▸ EXERCISE DESCRIPTION: Find, in the records below, the line that contains "Бархатные Ручки крем" and the line that contains "NEW Hipshot Classic". Copy those two lines and everything between them exactly, but not the pictures.

___ SUPPLIED DATA ___

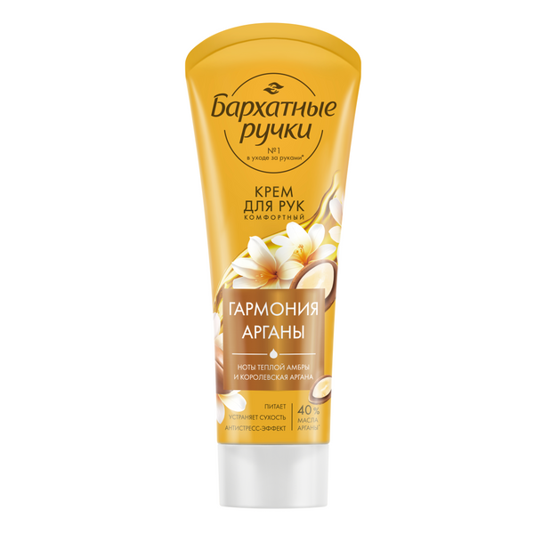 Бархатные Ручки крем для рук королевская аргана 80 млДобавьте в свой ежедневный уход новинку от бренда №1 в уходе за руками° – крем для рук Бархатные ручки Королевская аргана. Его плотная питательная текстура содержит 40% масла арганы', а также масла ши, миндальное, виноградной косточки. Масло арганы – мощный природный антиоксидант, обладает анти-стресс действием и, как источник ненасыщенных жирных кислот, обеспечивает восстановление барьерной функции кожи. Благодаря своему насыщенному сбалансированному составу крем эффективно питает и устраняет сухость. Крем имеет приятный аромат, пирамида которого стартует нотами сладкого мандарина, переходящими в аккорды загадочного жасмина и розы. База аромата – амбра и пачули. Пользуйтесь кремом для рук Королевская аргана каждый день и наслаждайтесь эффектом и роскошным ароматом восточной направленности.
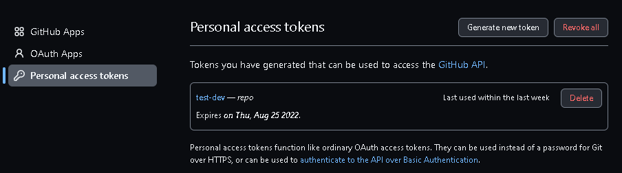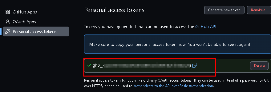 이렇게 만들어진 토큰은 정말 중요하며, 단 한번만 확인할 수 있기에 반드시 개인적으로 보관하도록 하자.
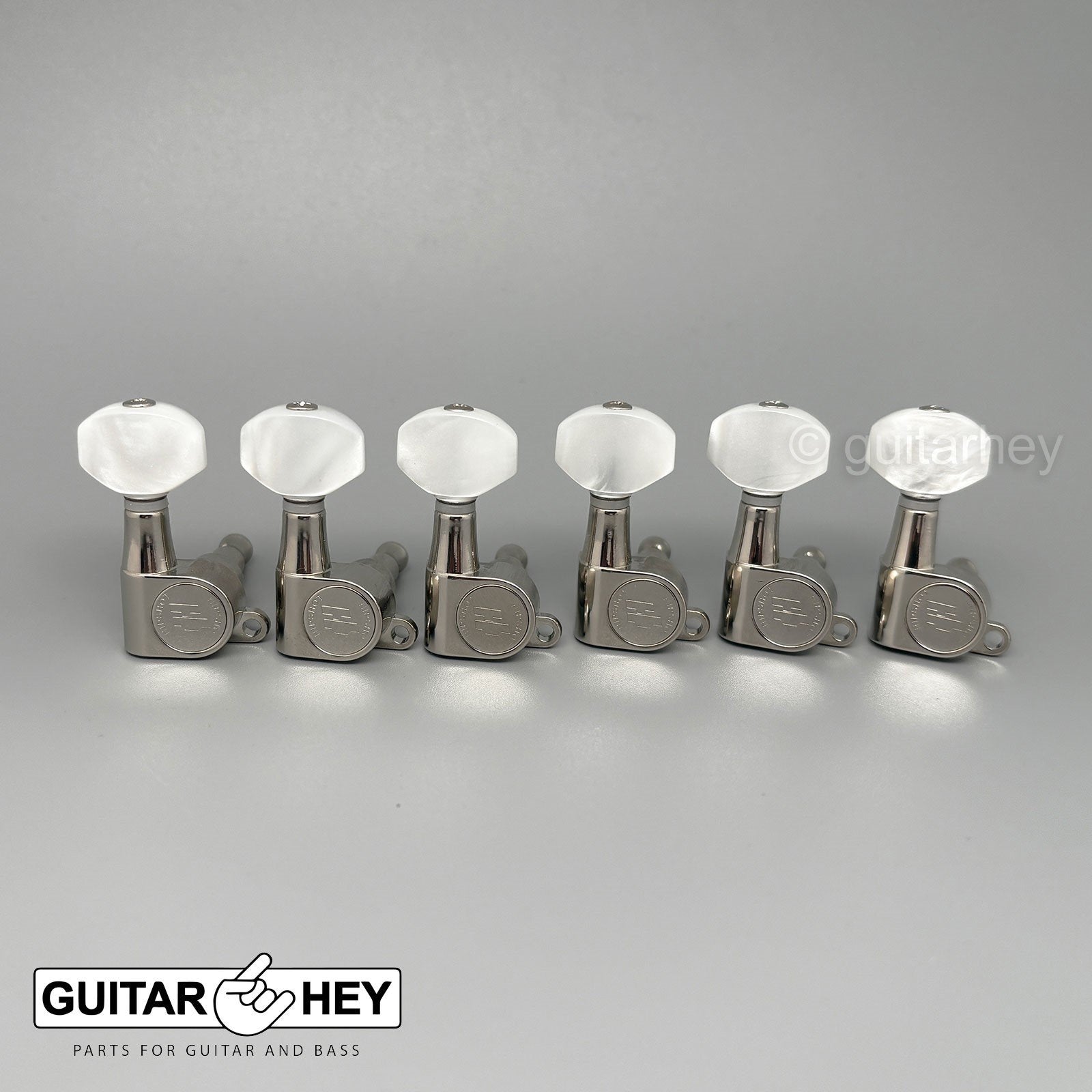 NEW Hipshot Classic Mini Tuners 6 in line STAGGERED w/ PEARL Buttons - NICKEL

___
___ SUPPLIED DATA ___

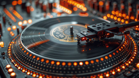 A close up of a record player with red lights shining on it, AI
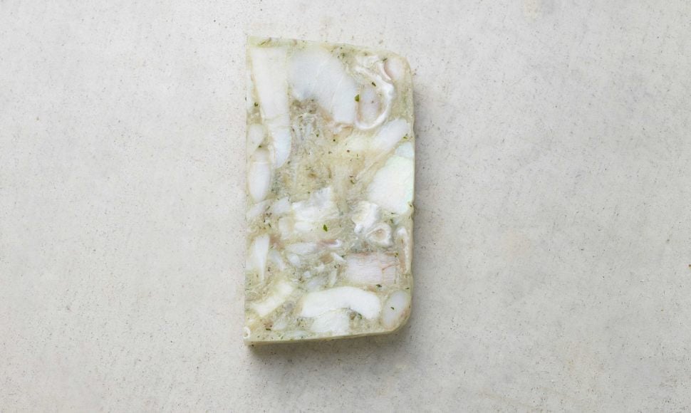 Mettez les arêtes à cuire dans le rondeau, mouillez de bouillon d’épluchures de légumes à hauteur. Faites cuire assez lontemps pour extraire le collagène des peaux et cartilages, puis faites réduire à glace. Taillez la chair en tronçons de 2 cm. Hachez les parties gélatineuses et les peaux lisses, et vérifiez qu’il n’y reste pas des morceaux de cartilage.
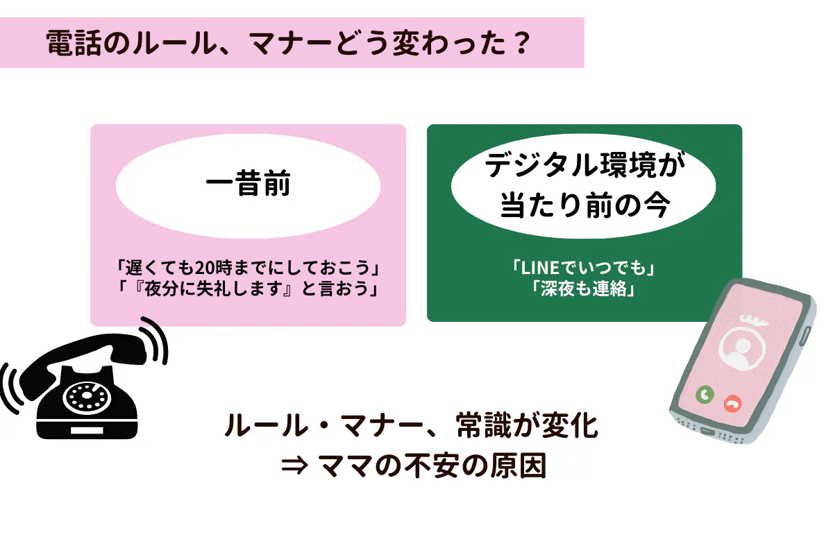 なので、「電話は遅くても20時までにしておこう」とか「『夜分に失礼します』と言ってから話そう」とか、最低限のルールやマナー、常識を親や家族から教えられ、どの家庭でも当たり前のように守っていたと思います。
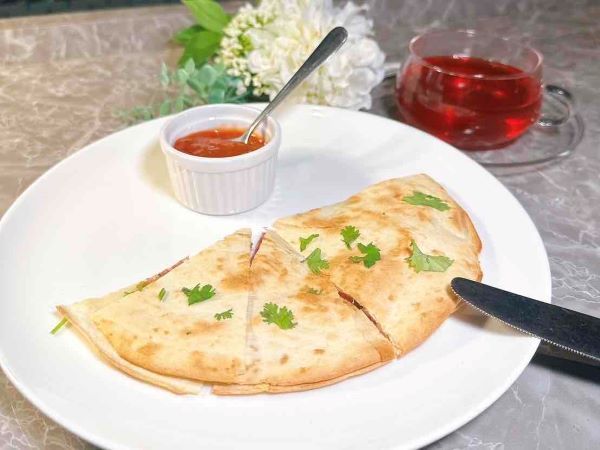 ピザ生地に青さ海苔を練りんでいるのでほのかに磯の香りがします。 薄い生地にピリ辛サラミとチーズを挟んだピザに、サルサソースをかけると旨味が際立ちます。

___
___ SUPPLIED DATA ___

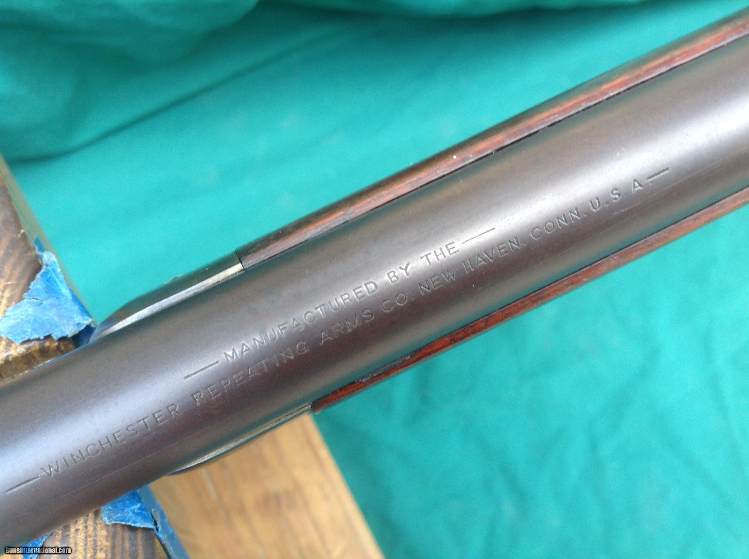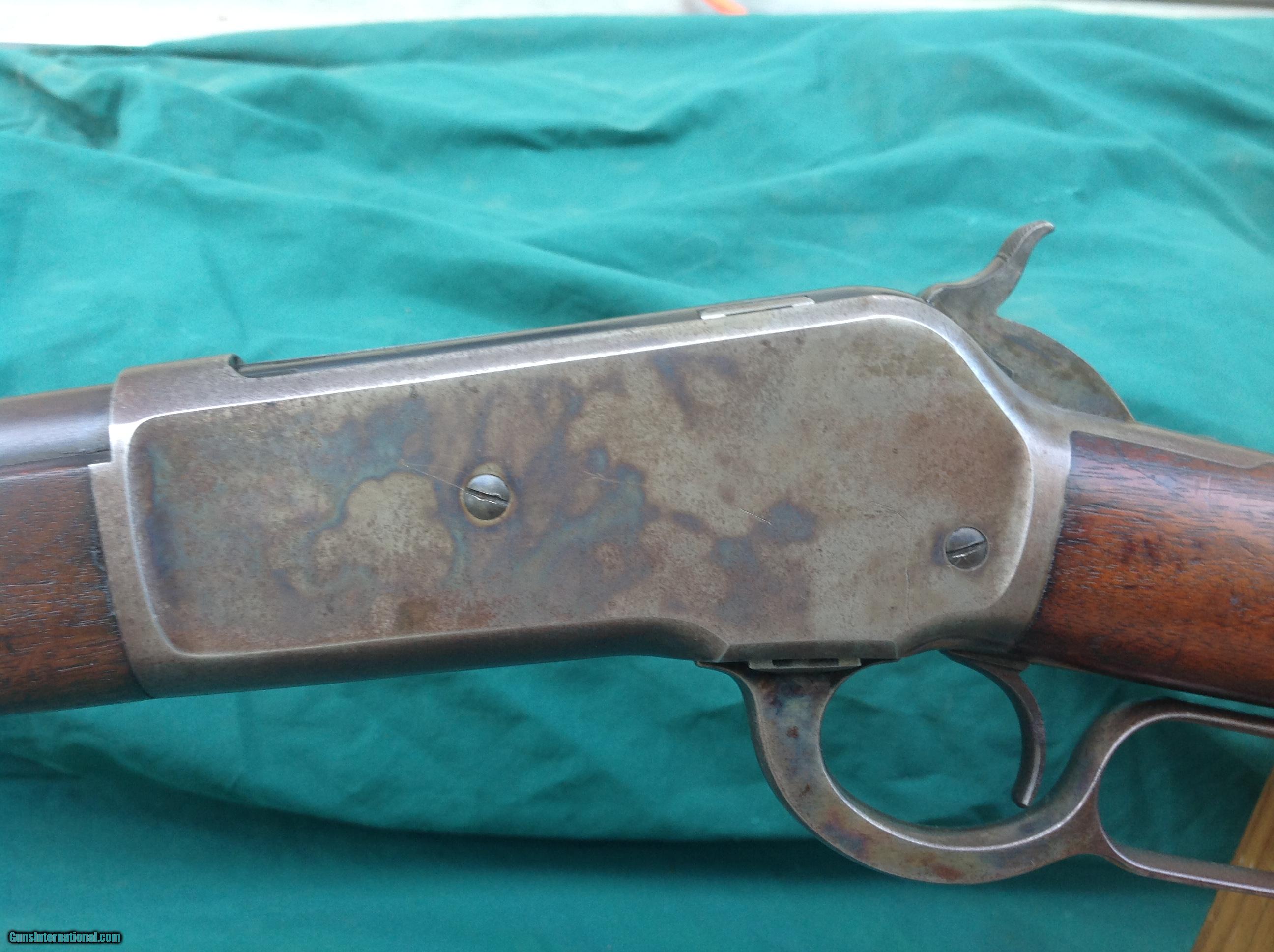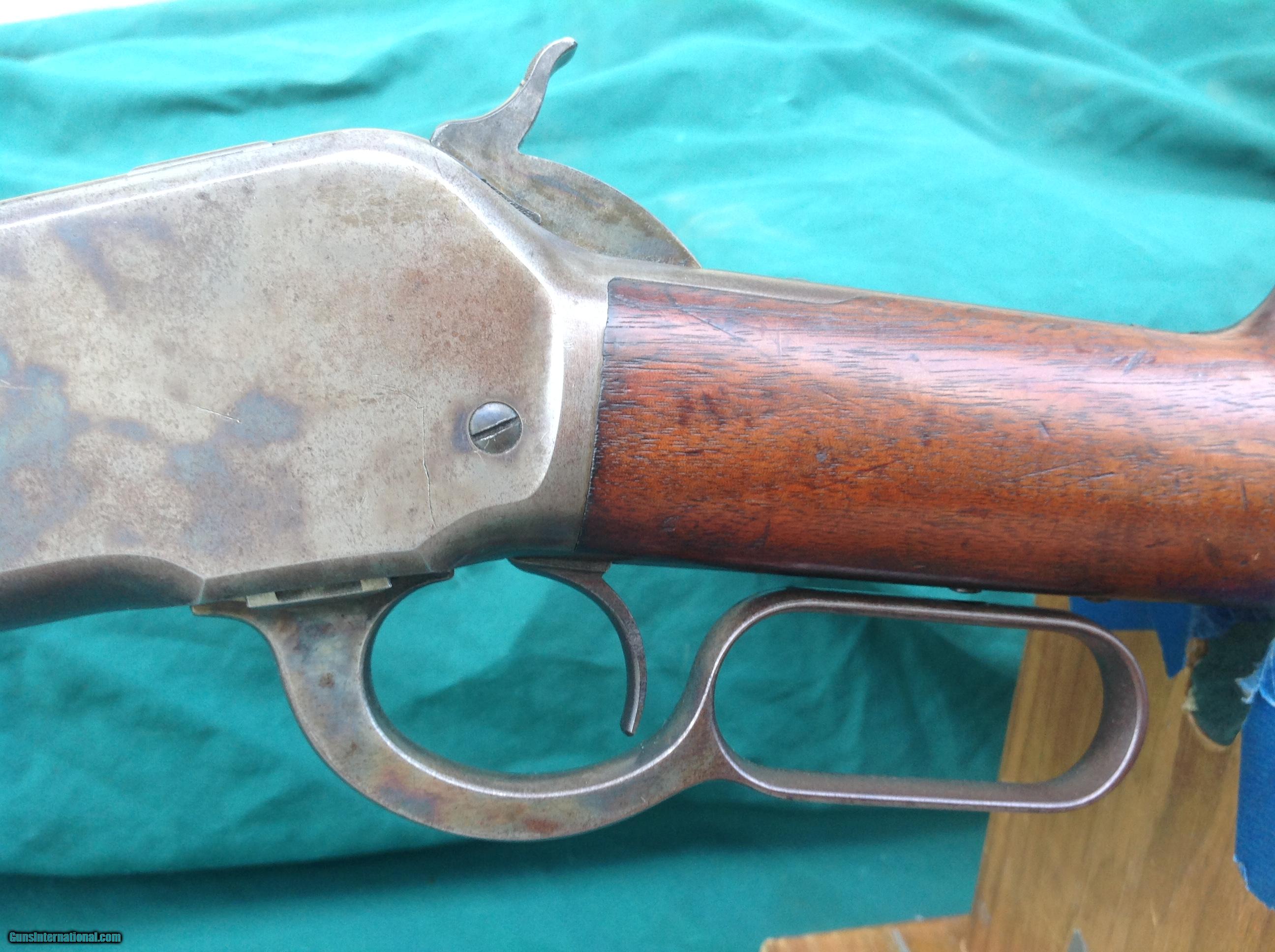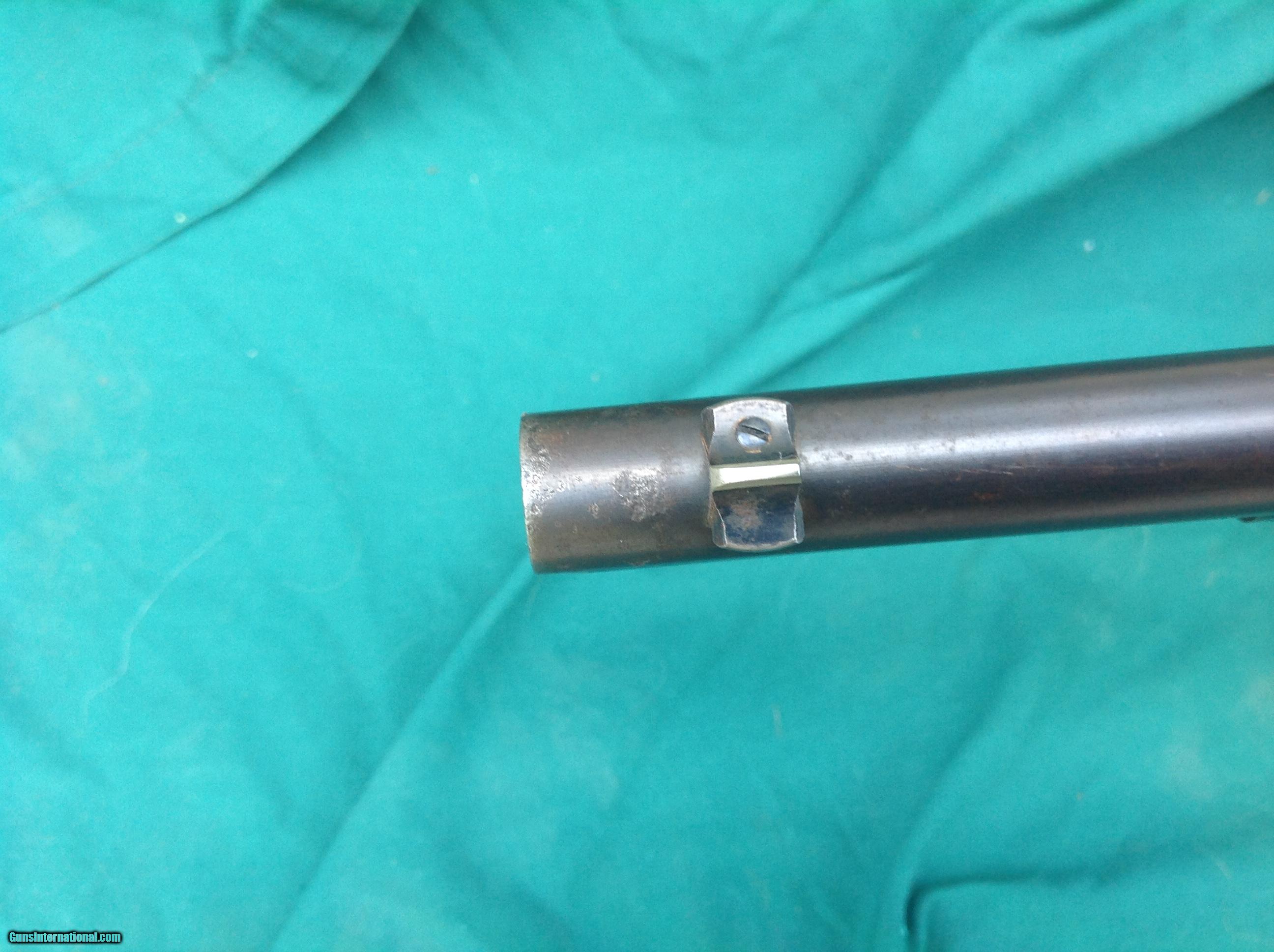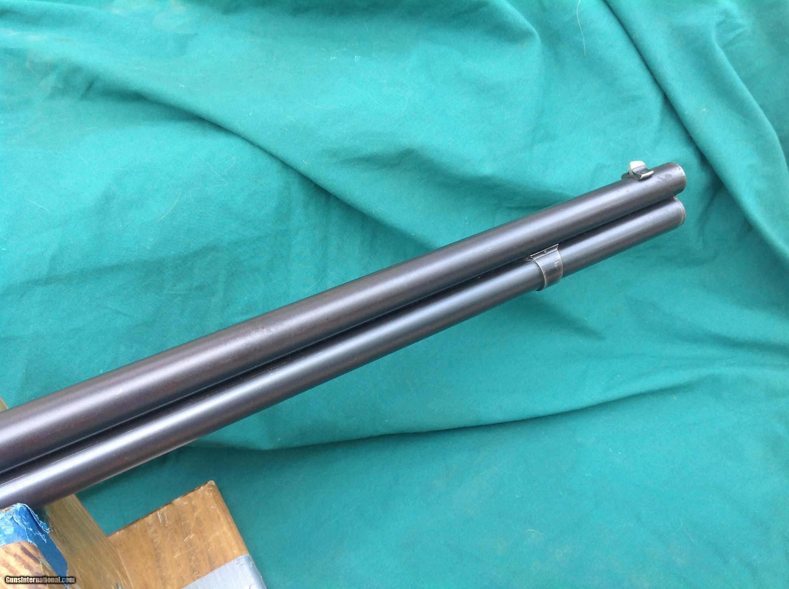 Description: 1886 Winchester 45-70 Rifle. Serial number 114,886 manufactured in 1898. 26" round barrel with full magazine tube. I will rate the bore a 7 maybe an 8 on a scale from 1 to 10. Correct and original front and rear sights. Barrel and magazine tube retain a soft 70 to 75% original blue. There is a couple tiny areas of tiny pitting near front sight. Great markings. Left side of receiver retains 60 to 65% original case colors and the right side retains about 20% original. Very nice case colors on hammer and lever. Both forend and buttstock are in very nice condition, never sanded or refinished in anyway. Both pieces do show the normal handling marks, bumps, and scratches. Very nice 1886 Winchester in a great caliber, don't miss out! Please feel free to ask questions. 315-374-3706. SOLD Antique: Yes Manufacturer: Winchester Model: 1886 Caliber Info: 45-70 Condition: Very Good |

___

▸ SOLVED PROBLEM:
 Бархатные Ручки крем для рук королевская аргана 80 млДобавьте в свой ежедневный уход новинку от бренда №1 в уходе за руками° – крем для рук Бархатные ручки Королевская аргана. Его плотная питательная текстура содержит 40% масла арганы', а также масла ши, миндальное, виноградной косточки. Масло арганы – мощный природный антиоксидант, обладает анти-стресс действием и, как источник ненасыщенных жирных кислот, обеспечивает восстановление барьерной функции кожи. Благодаря своему насыщенному сбалансированному составу крем эффективно питает и устраняет сухость. Крем имеет приятный аромат, пирамида которого стартует нотами сладкого мандарина, переходящими в аккорды загадочного жасмина и розы. База аромата – амбра и пачули. Пользуйтесь кремом для рук Королевская аргана каждый день и наслаждайтесь эффектом и роскошным ароматом восточной направленности.
 이렇게 만들어진 토큰은 정말 중요하며, 단 한번만 확인할 수 있기에 반드시 개인적으로 보관하도록 하자.
 NEW Hipshot Classic Mini Tuners 6 in line STAGGERED w/ PEARL Buttons - NICKEL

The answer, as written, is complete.